• THE TASK: Please write out exactly the lines from the opening of the listing through the line that holds "阳光讯(记者 赵小康 通讯员", including both, and nothing else; no pictures.

BEGIN DATA

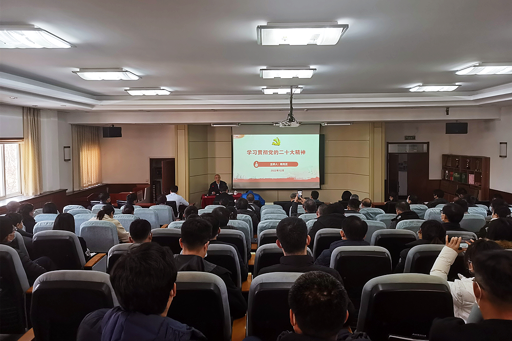 为深入学习贯彻党的二十大精神,12月6日下午,校长陈克正在高分子学院401会议室为高分子学院全体教师和学生代表及机关三各部门讲授学习贯彻党的二十大精神专题党课。党课由高分子学院党委书记孙洪广主持。
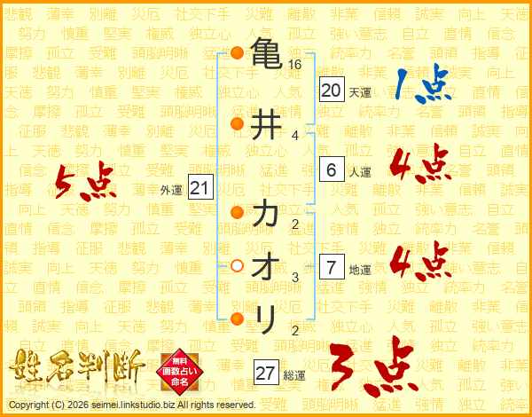 亀井カオリさんの外運は21画の5点!
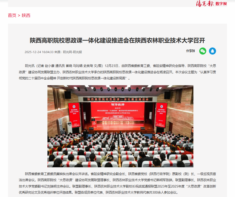 阳光讯(记者 赵小康 通讯员 崔晓 马玲娟 史良琦 文/图)12月23日,由陕西省委教育工委、省延安精神研究会指导,陕西高职院校“大思政课”建设协同发展联盟主办,WilliamHill官方网站承办的陕西高职院校思政课一体化建设推进会在杨凌召开。本次会议主题为“认真学习贯彻党的二十届四中全会精神 开创新时代陕西高职院校思政课一体化建设新局面”。
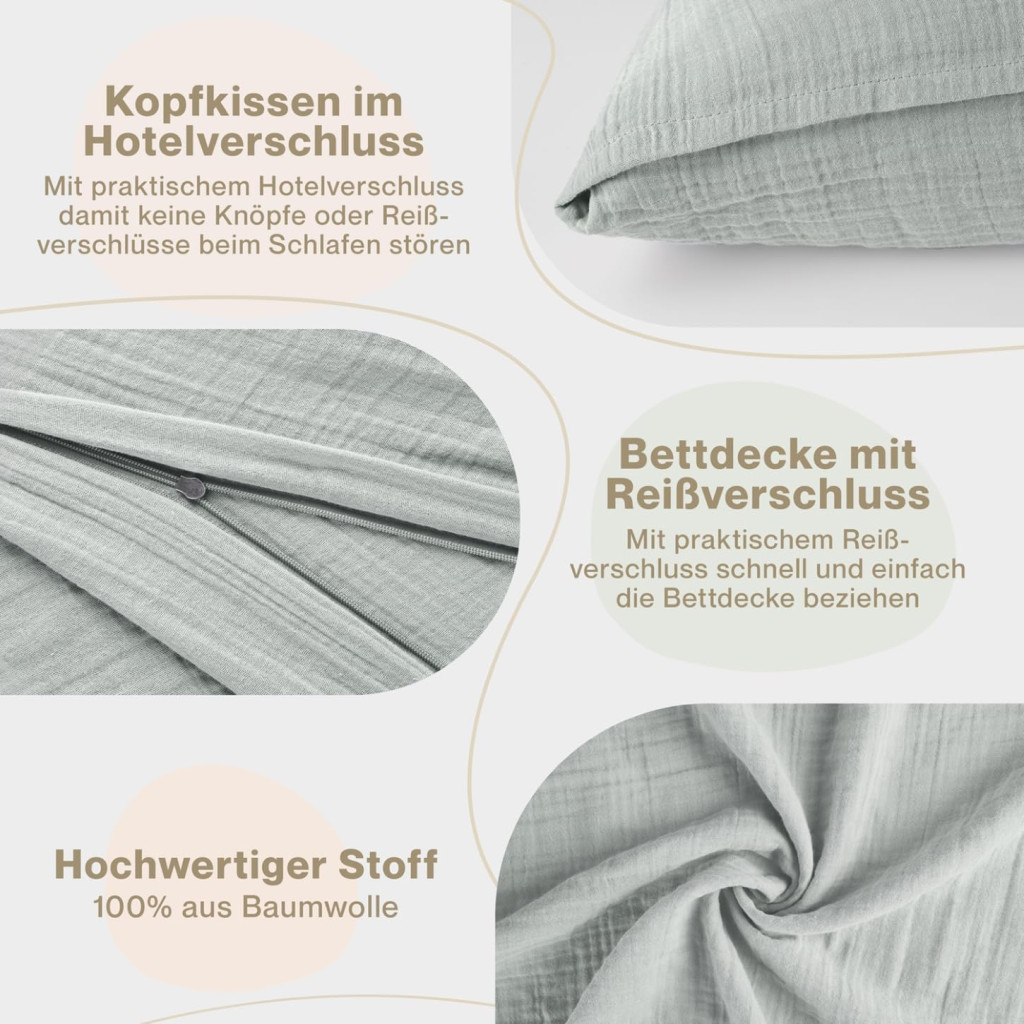 A 100% pamutból készült muszlin szövet egyedülálló kombinációja a puhaságnak és a légáteresztőképességnek. Ez azt jelenti, hogy nyáron hűvös marad, télen pedig kellemes meleg biztosít. Az ágynemű cipzárral van felszerelve, amely megkönnyíti a felhelyezést és a levétést, így nem kell többé küzdeni az ágyneművel.

END DATA

• ANSWER FOR THE TASK:
 为深入学习贯彻党的二十大精神,12月6日下午,校长陈克正在高分子学院401会议室为高分子学院全体教师和学生代表及机关三各部门讲授学习贯彻党的二十大精神专题党课。党课由高分子学院党委书记孙洪广主持。
 亀井カオリさんの外運は21画の5点!
 阳光讯(记者 赵小康 通讯员 崔晓 马玲娟 史良琦 文/图)12月23日,由陕西省委教育工委、省延安精神研究会指导,陕西高职院校“大思政课”建设协同发展联盟主办,WilliamHill官方网站承办的陕西高职院校思政课一体化建设推进会在杨凌召开。本次会议主题为“认真学习贯彻党的二十届四中全会精神 开创新时代陕西高职院校思政课一体化建设新局面”。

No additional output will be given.